The Modern Car is a Marvellous Waste

[A new car!]
A new 4-cylinder Honda Accord sedan has a top speed of 125 miles per hour.

When you think about it, this simple fact becomes ridiculous considering that  the average speed cars travel in US cities, without traffic, is around 30 miles per hour. Yes, I just wrote “without traffic.”

With traffic, of course, it’s worse.

This is to say that the 21st century automobile is extremely over-designed for the job that it is tasked with.

[Average traffic-free speeds, according to Google Maps data.]

[The bottleneck in 1937, when cars probably went at least as fast as today.]
The other day I was bicycling down Saint Paul’s Summit Avenue and got stuck at a stoplight for a minute or so. A car idled by my left elbow, waiting for the light to change, and for some reason the sound of the engine caught my ear. It sounded fancy, a complex chord of belts and metal, the air conditioner compressor whirring at a higher pitch, and the entire ensemble impressed me.

“What an amazing piece of technology,” I thought to myself, before the light changed and the machine accelerated from my gaze.

Compared to cars twenty, forty, or a hundred years ago, there are some things that haven’t changed, like the internal combustion engine, the rubber tire, or the tailpipe. But beyond that, even the most basic modern car is a marvel far surpassing anything dreamt in previous generations. Air conditioning, surround sound stereo systems, soundproofing, anti-lock brakes, almost magical airbags, rear-view cameras, automatic locks, windows, and doors, GPS displays, and things I probably don’t even know about that auto company engineers are coming up with constantly.





[A 2CV spotted during the '14 streets.mn picnic.]
That said, the modern car has offered diminishing returns for quite some time. The basic function of a car is to get you from point A to point B at reasonable costs of energy, money, and time,  and maybe carry some of your stuff. That equation hasn’t changed much in a century. 1960s VW Beetles got 25-30 miles per gallon, and the 1940s Citroen 2CV (the French “farmer’s car”) got over 60, and all of them could drive at 30 miles per hour, the average speed of traffic in Minneapolis today. No matter how nice they might be inside, especially considering the reality of urban traffic, the difference between today’s cars and those from 50 years ago is marginal. They might be shiny and comfortable, but they don’t really “get you there” much differently. 

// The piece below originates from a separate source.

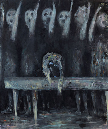 The Art of Watching Birds Val�rie Favre February 26 � April 21, 2011 Private View on Friday, February 25, 7 � 9 pm Let's Ask the Kobolds The phenomenal painting cycles on which Val�rie Favre has been working for over ten years are borne by a provoking realm which, to signify the entire "potlatch" as a conglomerate promising freedom, could well carry the title "societal mirror of spectacle." Favre's productivity is a rebellious aggressiveness, a radical reasoning between that very spectacle society that refrains from declaring Guy Debord's posthumous popularity either a success or failure and that lonely but ingenious process of self-conveyance that quickly volatilized every solidified image of the "persona" (still potent today) of the era of New Objectivity in Berlin of the 1920s. Hedonism, social glaciation, and separation anxiety. Today we should consider Debord, the painters of the 1960s or 1980s, but also the painter Val�rie Favre in this (or a similar) way: conception of humanity is an attempt at life! Favre's apprenticeship period in Paris�she was born in Switzerland�may have reinforced this mindset and working approach of hers; yet a real workplace she has found in Berlin, as she herself notes. As an autodidact and hands-on explorative media theorist, she has arrived at painting, whose inherent radicality is fed by the tension between figuration and abstraction, in order to create the beautiful, the decorative, the facile, the brutal, the grotesque, the absurd, and the ugly through the exploration of eclectic methods. Her erratic technique of perpetually and suddenly changing her way of painting speaks of self-evaluation, and at the same time she is using these means in an attempt to snare our attention, encouraging us to again and again accompany her work and her quest anew. Yet she thereby slips into a (rather uncomfortable) antithesis of tradition since she neither flees nor affirmatively tags along, but rather figuratively (speaking) stumbles along. Here truth and reality manifest as natural painting�the freedom of which is not hampered by any order of style, color, theme, or (finally) institution�and as individuality. The path to this state is�and one must say unfortunately�harsh and cruel. Thanks to several figures and image metaphors, Favre has found outlets, pictorial and textual platforms in the paintings as stages or images carriers. Intercepted upon these is energy-laden impetus, its critique, aggression, and diffident power. It is a way of painting without blinders, without fear of mistakes and errors�a liberating means of painting which does not hesitate to interpret a visibility of forgetting. Inhabiting her canvases since 1999 are the Hasenfrauen, and they are situated next to Lapine Univers in a symbolic cosmos. In "Die Antwort der Zwerge" there are jugglers and variety-show artists shown in a state of exposure, where from the left their symbolic despair, along with the subtle- to na�ve-erotic presence (la pine is also a term for the male penis), forcefully emanates from the dream of surrealism into reality on the right side of the painting. Almost literary and at times reminiscent of Oskar Kokoschka, seized by the enchanted reality of the dolls, they skip slightly entranced through the mystical pictorial space. Favre thus seems to have found�in addition to the frequently thematized (dark) forest�a figurative link between her Swiss roots, her visual experiences in Paris, and her German approach to painting: a woman who suffers from strange excesses. Whereby suffering can and should be understand here in terms of the connotations of the (German) root "leid," namely, "erleiden" (to suffer), "gut leiden" (to like something), and "leid tun" (to feel sorry). This time she cites Debord: "I will never forget that he meant one should never spare spectators." And one can just as easily call on Antonin Artaud, whose "Theater of Cruetly" demanded everything from everyone. And it is also certain that the dwarfs' answer harbors a surprise. Absurd groupings (or individual persons and animals) inhabit Favre's paintings; they have become individual canvas characters through the process of painterly mechanisms. From the depths of the pictorial imagination of the subconscious�like in films by David Lynch that originate from that strange, peculiar studio world of cinema as a dream factory�Favre's paintings virtually spring from the studio painting of anti-commodity aesthetics of society and art. With dream images frequently evoked, we experience neither beginning nor end. Her treatment of subjects, forms, breaches, repetitions, of a change in intensity and tempo, of shifts on pictorial surfaces like the Kafkaesque transformation of the protagonists and the ever-respectful yet inscrutable disclosure of a dark side of the subjective world view. Death is lurking everywhere. Favre paints the picture as a cut through the surface of things, thus dichotomizing the public into dreaming aficionados and reality-avoiding repudiators. In her images, the kobolds have initiated a new, eerie-lovely potlatch�and we are watching the production with alarmed fascination. (Text: Gregor Jansen) Val�rie Favre was born in 1959 in Evilard, Switzerland, and began her artistic career in Paris near the end of the 1980�s. She has been living and working in Berlin for the last ten years, where she took on a professorship at the Universit�t der K�nste in 2006. |

It gets worse though, because on average, cars aren’t even used the vast majority of the time. There are all kinds of stats on this, but on average, cars are parked 95% of the time. The car just sits there not being used, like Donald Trump's teleprompter, the Vikings' trophy case, or almost everyone's home exercise equipment.

It seems to me that investing so much money into a machine that realizes only a fraction of its potential is a gigantic waste of our personal and collective resources. Driving a car around the city is a bit like having a deluxe chef-level kitchen — granite counter tops, stainless steel hoods, deluxe gas range, the nicest pots and knives — and cooking Kraft Mac and Cheese. It’s like going on vacation to Hawaii and spending the whole time watching TV. It’s like erecting a billion dollar stadium and using it for monster truck shows, like having a brand new souped-up gaming computer and only using it for email, like buying a ticket to the State Fair, schlepping yourself all the way there, eating a corn dog, and leaving after twenty minutes.

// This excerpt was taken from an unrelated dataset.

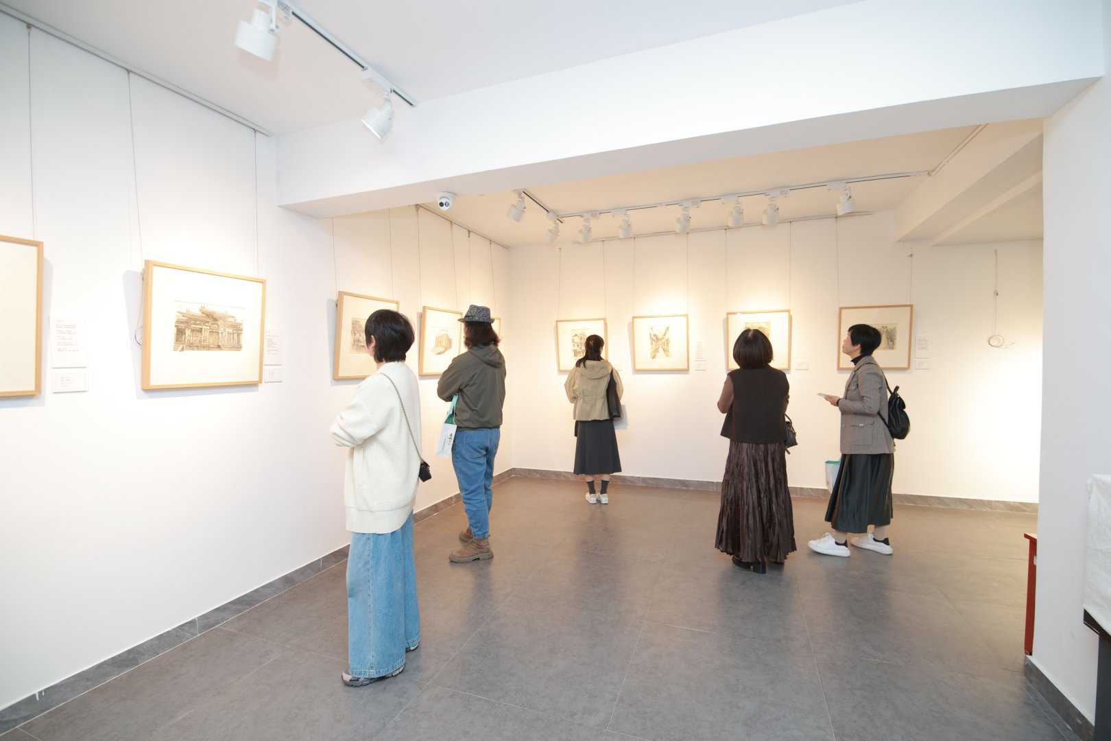 行至二楼,左右两侧空间形成强烈的视觉对话。左侧是黑白灰构筑的钢笔画世界:温州古建筑的飞檐、泰顺廊桥的木纹,皆被细密线条层层堆叠,一砖一瓦、一纹一理纤毫毕现;右侧则是脑洞大开的三国水墨数字版画:踩着单车的夏侯渊、举着手机自拍的文丑、光膀子秀肌肉的许褚……五十余位三国人物被赋予全新生命力。在麦浪看来,这两种看似截然不同的创作风格从不矛盾。“我既能用严谨细致的写实作品格物致知,也能用诙谐跳脱的方式自由叙事。”这正是展览名称的深意:“向左格物”代表钢笔画所秉持的严谨态度;而“向右风”中的“风”字,他反复斟酌许久才最终敲定,它象征着无拘无束的自由、无限延伸的可能与千变万化的表达,最契合三国水墨系列的创作内核。

(I could go on like this all day. Maybe it's like having a super-expensive almost two-decade-long post-secondary education and spending your time blogging?)

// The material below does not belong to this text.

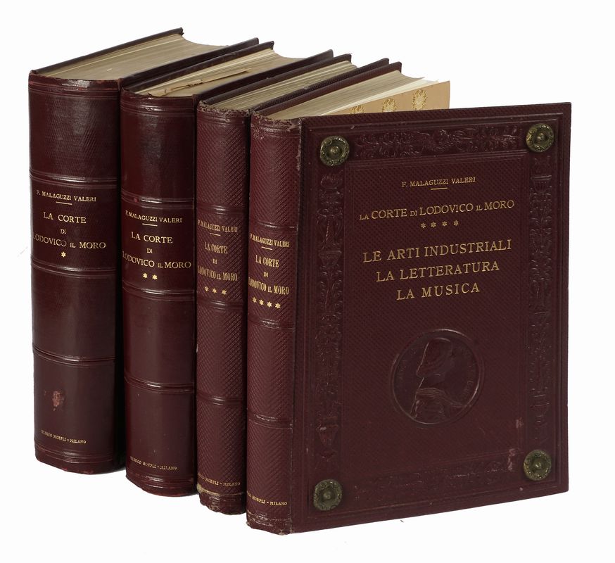 4 volumi in-4° grande (mm 298x205). Con numerosissime incisioni nel testo e fuori testo corredate di velina protettiva. Ottima copia. Bella legatura editoriale in tela rossa con decorazioni in oro e a secco ai piatti e borchie metalliche agli angoli di ciascun piatto. Tagli dorati, sguardie in carta decorata. Minime mancanze lungo le cerniere, per il resto stato conservativo perfetto.

The point is that nobody — not even me — can dispute that today’s cars are amazing machines. The problem isn’t with cars. It’s their sheer quantity and the way they’re used. The vast majority of the potential of the automobile is completely wasted in today’s cities. Some simple math: if the average American car sits 90% of the time, and even when it’s being used, urban cars are only used at 25% of their potential for movement, then 97.5% of the potential for movement is being wasted every day.

I’m all for respecting the glamorous amazing world-breaking technological marvel of the automobile. But looking down at I-94 at and seeing hundreds of amazing cars crawling at single-digit speeds, sitting on expensive space-hungry asphalt-and-steel freeways, baking in the sun, burning gas with isolated people strapped inside, should be a heartbreaking sight. What else could we be doing with our time, money, energy, and our collective powers of invention?

[A waste.]

2 comments:

  1. just gonna post this here since i feel like no blog entry on such a subject is complete without this comment, like a sundae without a cherry.

    MAYBE IF THEY DIDNT PUT IN ALL THESE BIKE LANES CARS COULD GO FASTER AND THEIR WOULDNT BE SO MUCH TRAFFIC!!!!!!!!!!!